Colombian President Juan Manuel Santos Receives 2016 Nobel Peace Prize


By Staff


juan-santosColombian President Juan Manuel Santos has received the 2016 Nobel Peace Prize for his efforts to end his country’s long-running civil war with FARC rebels.

The Nobel Prize committee awarded Santos the prize Oct. 7, following Santos’ attempt to negotiate a peace deal with the former guerrilla group, which Colombians narrowly rejected in a vote earlier this week.

According to the committee, Santos’ attempt to negotiate the deal represented the president’s “resolute efforts to bring the country’s more than 50-year-long civil war to an end, a war that has cost the lives of at least 220,000 Colombians and displaced close to six million people.”

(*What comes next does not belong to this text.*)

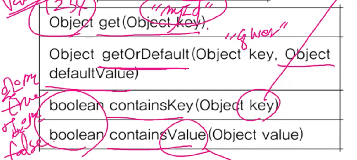 get(Object key)는 입력된 키에 따른 value를 반환해준다. myId라는 key와 1234라는 value가 한 쌍일 때,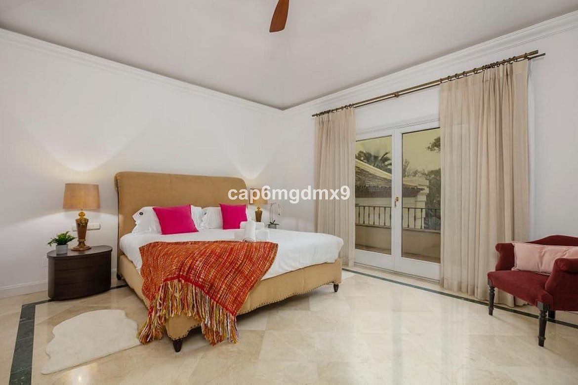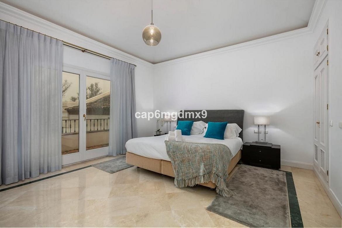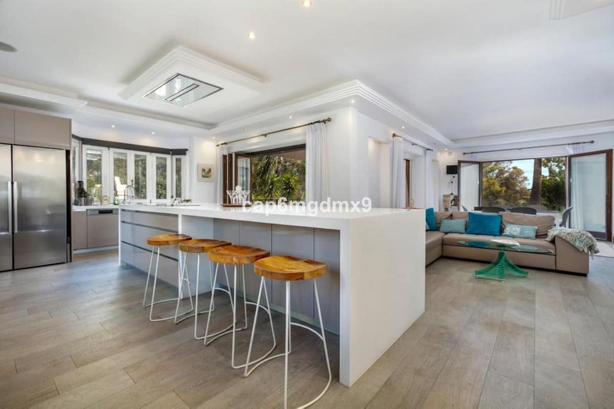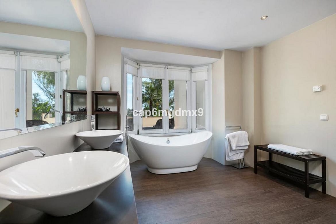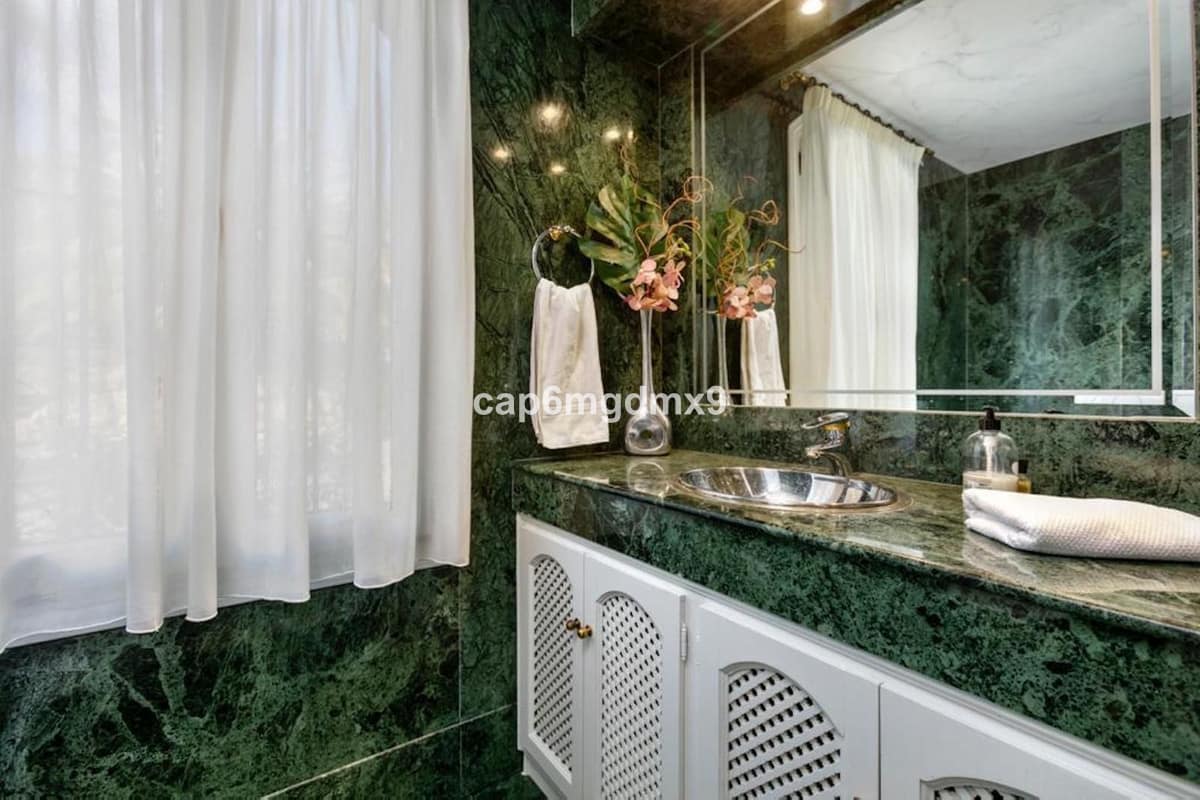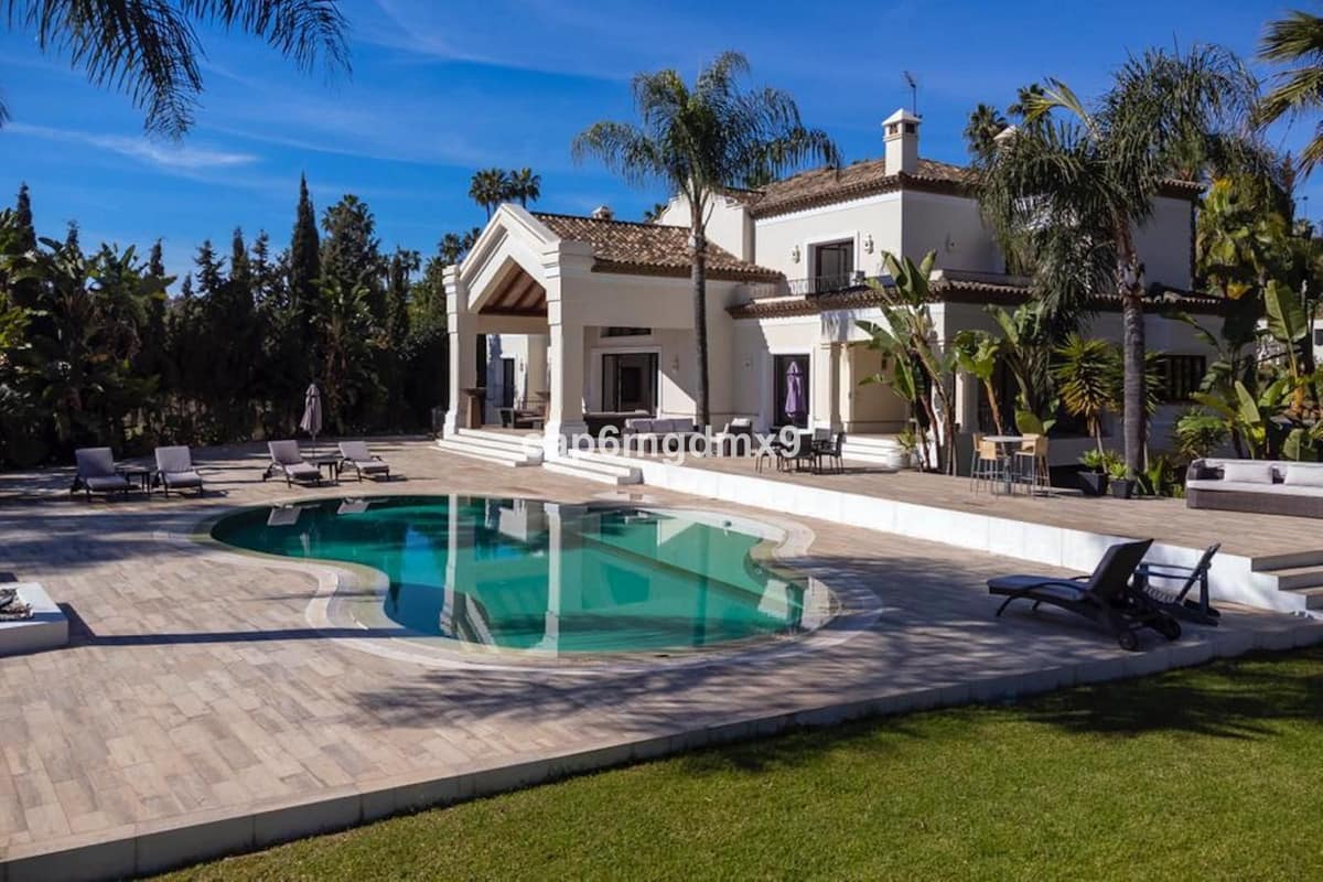 Frontline golf villa located in one of the best areas of Nueva Andalucia, 6 bedrooms and 6 bathrooms. On the ground floor is an entrance room leading to a large living area with double height ceilings, a fully fitted modern kitchen, a dining room, a tv room, a guest toilet and two guest bedrooms with en suite bathrooms. From the living room you have direct access to the large covered terraces and swimming pool. On the first floor are 2 bedrooms with en suite bathroom and private terraces overlooking the pool and garden. On the lower level is a one bedroom with 2 individual beds and another bedroom with double bed, ensuite bathroom and kitchen. Outside is a landscaped garden, private heated pool with decking around and lounge chairs, gazebo, BBQ and dining area.

“The award should also be seen as a tribute to the Colombian people who, despite great hardships and abuses, have not given up hope of a just peace, and to all the parties who have contributed to the peace process,” the committee stated.
Following his receipt of the award, Santos said in a statement, via Twitter, “This honourable distinction is not for me, it’s for all the victims of the conflict. Together we’ll win the most important award of them all: peace.”
Santos’ administration has worked four years to negotiate a deal with FARC, a rebel group that tried to use force to redistribute wealth in the country.
He said he hoped the deal would end the 50 years of war.
The deal was rejected by 50.2 percent of voters, who said they were in favor of more punishment for the rebels, on Oct. 2.
According to Santos, the ceasefire signed between the government and FARC rebels will expire at the end of October, and he has created a three-person task force to re-work the deal.
He was elected Colombian president in 2010, and then re-elected in 2014.

Previously, Santos had served as defense minister of the country from 2006 until 2009.